Penny uses the new button to transport to himself… not to
Fillory but to a place called the Neitherlands (yes, really) a place with a
whole lot of fountains that transport you to many many different realms. Which
would be nifty if it weren’t for the angry Beast-serving people who try to
throw fireballs at him. He does his Nightcrawler thing to dodge them and end up
being dropped into the huge library underneath. This apparently contains copies
of every book and a very powerful librarian. She has wisdom, snark, the ability
to see the future and power enough to be not impressed with Penny – she does
banish Penny from her library with a few pages of a book written by one of the
kids from Fillory (she predicted Penny would try to steal the book, they’d
fight, she’d win but he’d manage to get away with some pages of the book. By
photocopying the pages instead she manages to save her book from damage
More of her please.
But Penny’s stuck in the Neitherworld and his only contact
with the outside world is to invade Quinn’s sex dream (poor Penny can’t keep
out of Quinn’s disturbing brain) involving Julia and Alice making out and
cosplaying (y’know, after the treatment of LGBT characters these last three
episodes they really should step back from women making out for a man’s
pleasure).
So Penny has recruited Quinn for help – having to
actually ask for help from Quinn which is so very galling.

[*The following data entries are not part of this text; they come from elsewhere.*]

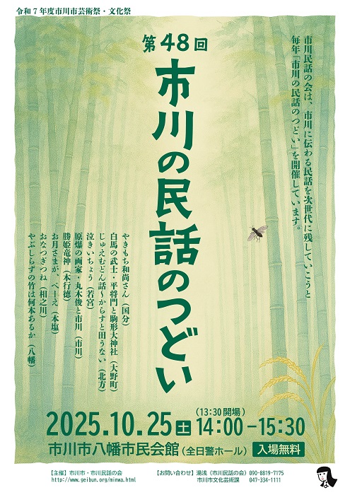 10/25(土)第48回市川の民話のつどいが本八幡・全日警ホールにて開催されますよ、入場無料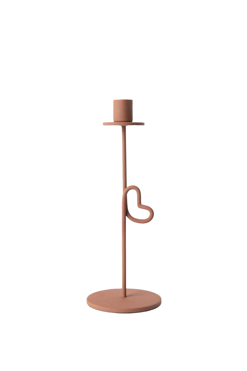 Een kandelaar om verliefd op te worden! Deze donkerroze kandelaar met hart is gemaakt van ijzer en hij maakt elke ruimte gezellig. Combineer de kandelaar eens met onze leuke gedraaide kaarsen. Afmeting: 24x9 cm.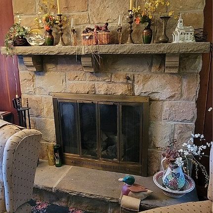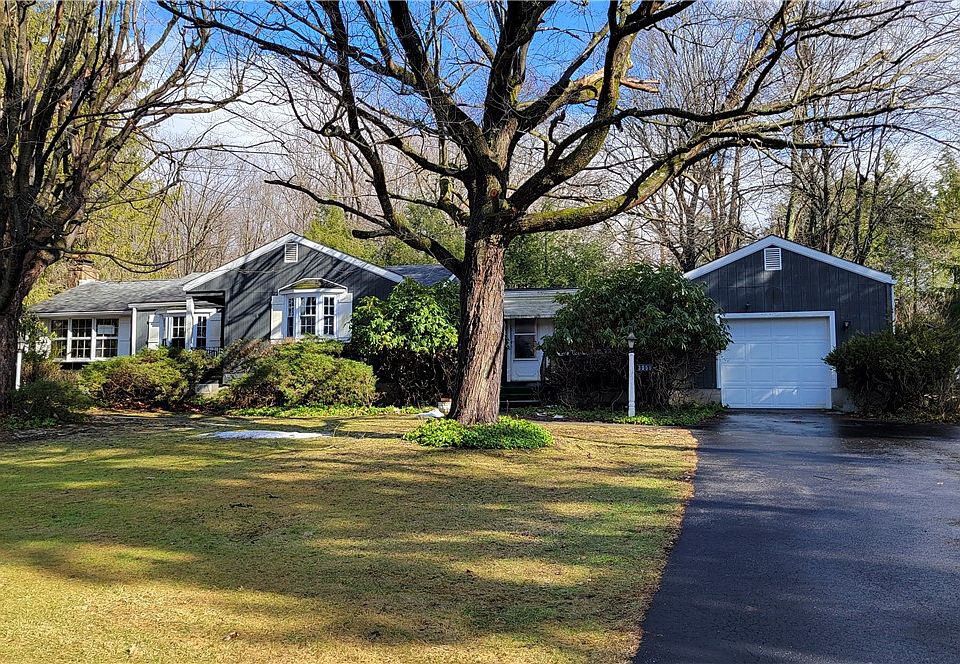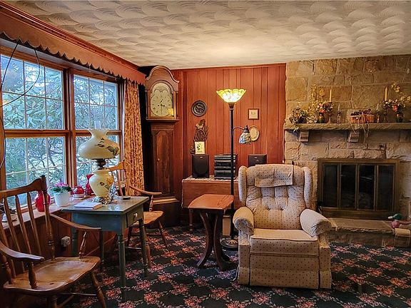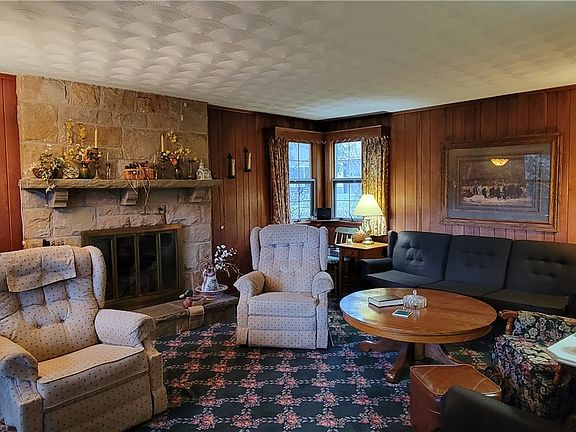 Sprawling ranch style home featuring a livingroom with a stone gas or wood fireplace, cherry t&g wood walls and a bow window. Separate dining room, cozy eat-in kitchen with appliances included, three bedrooms and a full bath on the main level. Sunporch breezeway that connects the one car garage. Lower level features an office area, recreational area, laundry, storage and a second full bath. Lots of mature bushes and trees. Shed for outdoor storage. Paved driveway.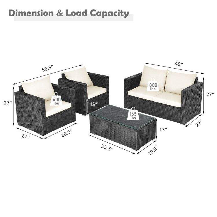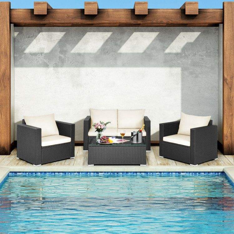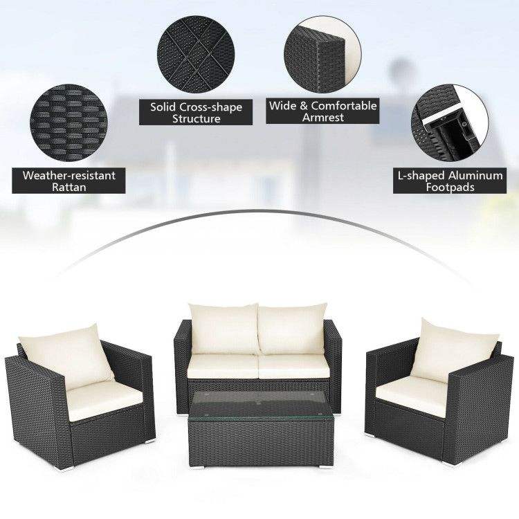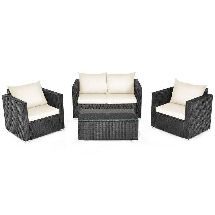 Set da Conversazione in Rattan a 4 Pezzi con Cuscini Imbottiti per Arredamento da Esterno

Where do they go? Well Alice’s mother knows a traveller,
Joe (from another world and with an unpronounceable name) which means going to
Alice’s parents. Who are enjoying a Roman orgy and are generally sexual enough
in front of their own child to cross the line from “quirky” to “creepy,
predatory and possibly abusive”. It also greatly overturns any conceptions we
had of Alice as a virgin – lack of experience of relationships and fleeing from
her parents’ example shapes her a lot more.
In between the awkwardness and learning a whole lot more
about Alice there is an interesting exchange between her and her mother: she’s
furious at her mother for not caring about what happened to her brother. Her
mother hits back with some quite good points about other people having feelings
and not everyone has to deal with emotional trauma the same way Alice did. It’s
a nice point and a surprising one: just because someone doesn’t grieve as we
grieve doesn’t mean they’re not hurting.
Anyway there is a spell they can use to help Penny – a spell
that will launch a beacon so Penny can find the right fountain. And it involves
using sex magic – sex magic in which both Quentin and Alice must orgasm
simultaneously. Quinn doesn’t think that’ll be a problem…
…Alice does.
And we get another scene that is surprisingly mature.
Yes, of course Quinn is insecure and touchy and upset but Alice makes some
excellent points about not loving people because they’re perfect and liking
flaws as well. And another good point about how, yeah, he’s not perfect in bed
but part of that is she feels embarrassed about asking for what she actually
wants. It’s a good conversation, points there.
They then put this in practice and cast the spell
perfectly to guide Penny home. And Penny has another mental image for his
collection.
B plot time – Elliot is settling back into his role as
comic relief by being constantly drunk and high which irritates Margot. What
also irritates her is that an ex of hers has cast a spell to steal some of her
life force and crate a clone – a Margot Golem. She is not amused and they head
off to tell him how very wrong he is and confiscate said golem as a creepy fetishistic
sex toy. Point to Margot, because uckies uckies uckies, NO to the sex clone and
nothing he says can possibly make what he did sound right. Though she does keep
the Margolem which suggests future shenanigans
But she also gets annoyed with Elliot, in his endless
drunken state, for not supporting her in this… given what he has been through
in the last few episodes, hardly helped by Margot and her damn nasty
djinn wishes, then that is just galling. For a second it looks like Elliot
is going to tell her that he’s hurting and even tell her off for being so
utterly clueless to her supposed friend, but it passes.
I hope in future episodes Elliot can step away from the
comic relief and object furiously to how he’s been treated. I can hope, right?
Last plot line brings us Julia with her new Mentor
Richard and a whole circle of magic users he’s working with – including Kady.
Things are… a little tense between them. But they manage to bury their
differences as they work on the magic together while Richard and the rest of
his coven focuses on their big project – time magic
See, all of them have something in their lives they want
to rewind and re-do – though this is somewhat impossible without a whole lot
more magic. As in a god load of magic. Literally – Richard intends to use a god
to power his magic… there’s absolutely no way that can backfire, I’m sure.
It could be worse. It could be Loki.